Malgré la reconnaissance tacite du phénomène, force est de constater qu’il n’y a pas eu d’énorme évolution dans la situation. Ainsi, le rapport de cette année fait toujours état de manque d’informations sur plusieurs catégories d’enfants. Au-delà des street children, il y a aussi ceux «vivant avec le VIH, les enfants handicapés, les enfants faisant l’objet d’une protection de remplacement, les enfants en situation de rue, les enfants victimes de négligence, de violence ou de maltraitance, y compris l’exploitation sexuelle et la traite, et les enfants en conflit avec la loi».

■Le travail de SAFIRE auprès des enfants des rues ne date pas d’hier et est reconnu de tous.

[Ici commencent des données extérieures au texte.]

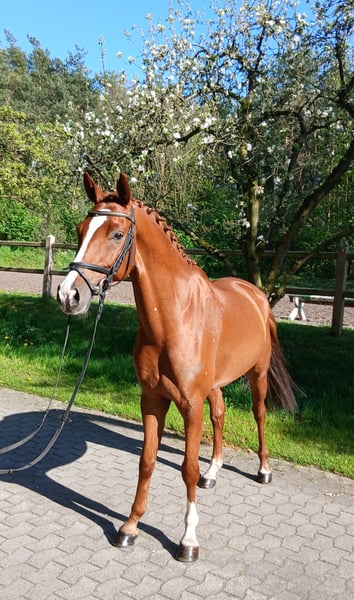 Tai is a very charming and friendly young horse. Bloodlines and very elegant. Gently backed and directly from the breeder, all doors are open to him. He is very comfortable and soft in the hand, always has a good forward movement, and is eager to work. He is also very easy to sit. We see him as a lovely horse for transitioning or for ladies. Since he is a bit more delicate and smaller, he was backed at the end of his fourth year. He has not yet been exposed to competition atmosphere. He enjoys hacking out, preferably in company. A very recent health certificate is available! Absolutely herd-proof. No prior health issues. Please call or message directly at 0172 8694703.

L’année dernière, dix jeunes de l’ONG avaient fait le déplacement au Qatar pour la Coupe du Monde des enfants de rue

Le Comité des droits de l’enfant réitère sa demande d’accélérer la mise en place d’une plateforme commune de données sur ces cas. Une évaluation régulière du nombre de cas et la finalisation d’une stratégie globale «visant à traiter les causes profondes de ces situations» sont aussi préconisées. D’autres recommandations sur les enfants en situation de rue, à l’instar de celles sur la scolarisation ou encore, les auteurs de violences ou l’accès aux services, dont l’éducation, ne diffèrent guère de 2015.

En 2012, Maurice comptait 6 780 enfants des rues. Tous s’accordent à dire que la situation a empiré depuis.

Nous avons sollicité la cellule de communication du ministère de l’Égalité des genres, pour savoir si le travail actuel porte sur une définition du terme ou si c’est la définitioin de l’ONU qui sera adoptée, mais nous n’avons eu aucun retour.